M. celatum should be suspected when acid-fast bacilli that are biochemically similar to and behave like M. avium-intracellulare or M. xenopi are identified in patients that do not respond to an appropriate treatment regimen. Continued advancement of techniques for rapid identification of the NTM beyond the current use of HPLC, chemistry, and MALDI-TOF, are expected to facilitate rapid selection of appropriate therapeutic treatments and thus improve patient outcomes [[27], [28], [29]].

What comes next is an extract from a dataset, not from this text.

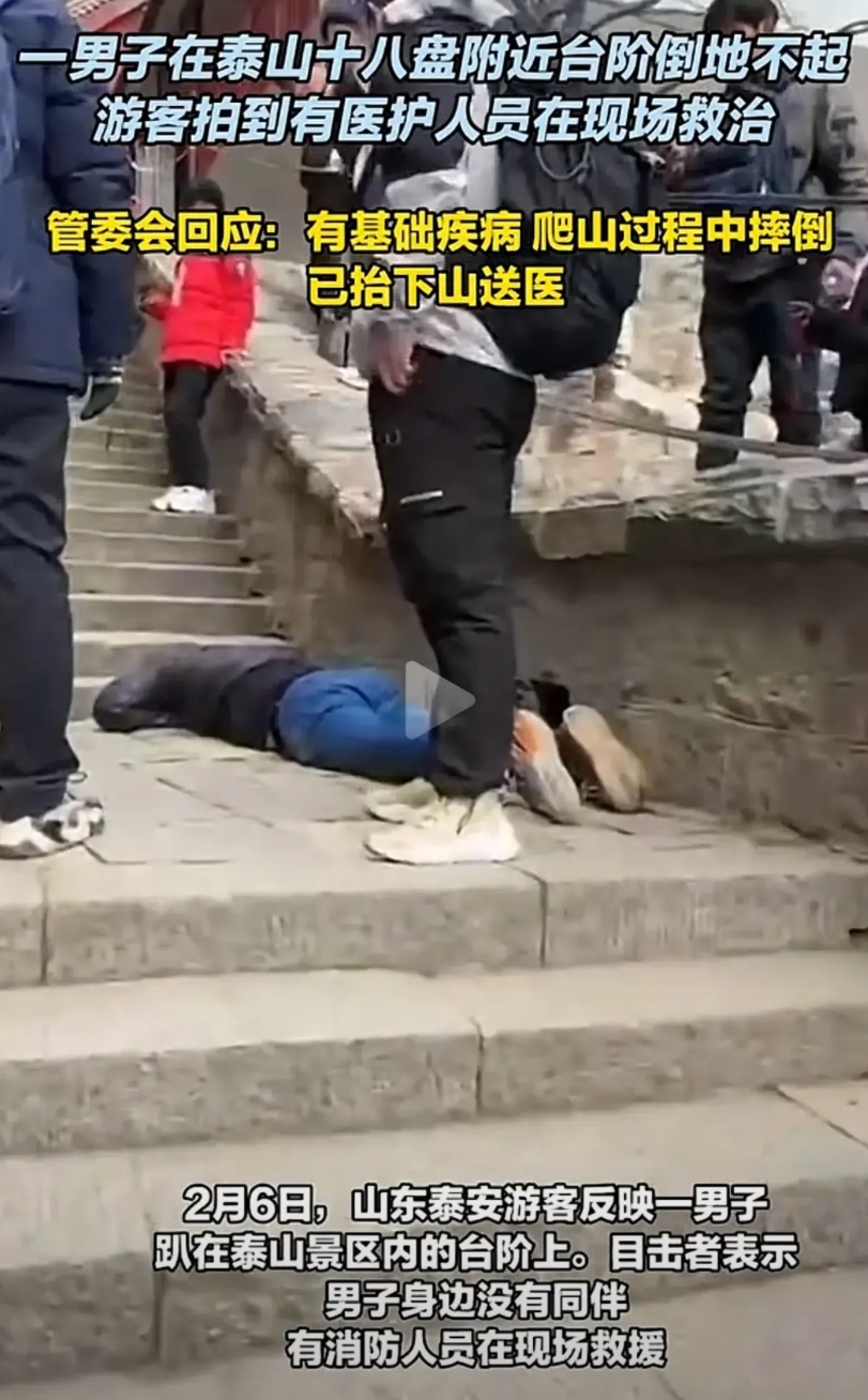 之后,泰山景区管委会工作人员作出了回应:该男子有基础病,当时感觉身体不舒服,想靠在路边休息一下,谁知突然就晕过去了。并提醒大家,登山一定要量力而行,不舒服不要硬爬,逞英雄,最好结伴而行,这样可以互相照应。

Conflicts of interest statement

The authors declare no conflicts of interest. L.L. is the Editor-in-Chief or ID Cases and one of the physicians of the patient described in this case.

Sources of funding

None declared.

Ethical approval

Written informed consent was obtained from the patient for publication of this case report. A copy of the written consent is available by the Editor-in-Chief of this journal on request.